Можно сказать, что «Комиссар» подвел черту под семью десятилетиями сентиментально-патерналистского изображения иудаики на советском экране. После фильма Аскольдова неминуемо должны были прийти фильмы совершенно иного душевного, психологического, драматургического склада. Тем более что все наконец начинало этому способствовать.
Глава шестая. БЕЗ ЦЕНЗУРЫ 1989-1999
События второй половины восьмидесятых годов кардинально изменили политическую и идеологическую ситуацию в стране, именовавшейся в ту пору Союзом Советских Социалистических Республик. Перемены эти, известные под именем перестройки, охватили практически все стороны общественной деятельности, не оставив в стороне и находившуюся под многолетним запретом еврейскую жизнь. В связи с этим лишь несколько фактов. С 1987 года резко возрастает иммиграция в Израиль (только в 1989–1991 годах число эмигрантов составило 465,7 тыс. человек). В 1987–1990 годах создано Московское еврейское культурно-просветительское общество и аналогичные общества в Риге и Таллинне, Союз учителей иврита, Общество дружбы и культурных связей с Израилем, Еврейская культурная ассоциация, Еврейское историческое общество, Международный центр по изучению и развитию еврейской культуры – «Тхия», Культурно-религиозный центр «Маханаим», Центр им. С. Михоэлса, Сионистская организация советских евреев, Конференция еврейских общин и организаций СССР (ВААД), по инициативе которой Государственной Думой был принят закон о национально-культурной автономии в России, Еврейский научный центр, Институт изучения Израиля, Ассоциация иудаики и еврейской культуры в СССР, Ленинградский еврейский университет, Еврейский университет в Москве, Научный центр «Российская еврейская энциклопедия», Конвенция еврейских предпринимателей, Еврейское музыкальное общество. В 1990 году в Тбилиси состоялся первый конгресс еврейской молодежи в СССР, в 1988–1989 годах в Москве и других городах открываются отделения международных еврейских организаций (Бейтар, Бней-Брит, ВИЦО, Хабад, Шамир, Маккаби, Сохнут). В крупных городах издаются, сначала в «самиздате», а затем легально, десятки газет, журналов и бюллетеней (в 1990–1991 годах их число достигло девяноста, в том числе сорок семь в России, девятнадцать на Украине). Наконец, в 1996 году создается Российский еврейский конгресс.
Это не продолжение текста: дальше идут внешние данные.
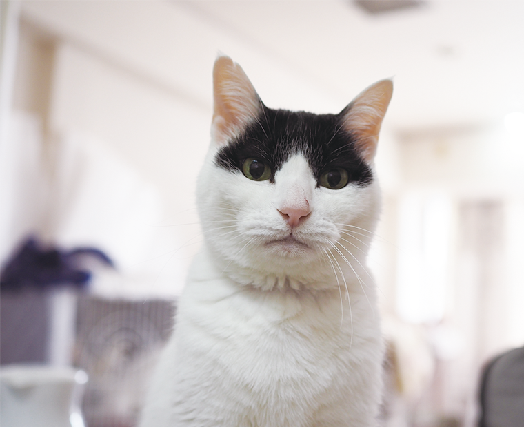 自分のことをたぶん猫とは思っていない白黒のヨネくん。長めの前髪が特徴です。うれしくなるとちょっと噛むのがタマニキズ。

Естественно, не мог остаться в стороне и кинематограф. Тем не менее поразительно, с какой силой и быстротой развернулась пружина бесцензурного кинематографического волеизъявления всего за пару лет «перестройки» и «гласности». Все, что скопилось за годы безвременья и много ранее, начиная с девятнадцатого революционного года, вырвалось на поверхность, воспользовавшись не только неожиданно открывшейся политической и идеологической свободой, но и тем, что. эта свобода, а лучше сказать, сопутствовавший ей экономический хаос привлек в кинематограф на пару лет совершенно фантастические, неисчислимые грязные деньги, отмывавшиеся здесь проще, быстрее и легче, чем в какой-либо другой области, и потому найти спонсора на самый невероятный, желательно сенсационный проект было проще простого, особенно если это касалось столь «трефной» политически и выгодной коммерчески теме, как тема еврейская. А если учесть, что значительное число фильмов запускалось в кинопроизводство за год, а то и за два до официальной отмены цензуры (а иные сценарии были написаны и того раньше и ждали невесть чего по многу лет в ящиках письменных столов или в сейфах киностудий), еще в условиях просто «гласности», а никакой не свободы слова, то готовность кинематографа к наступлению новых времен оказалась и в самом деле поразительной.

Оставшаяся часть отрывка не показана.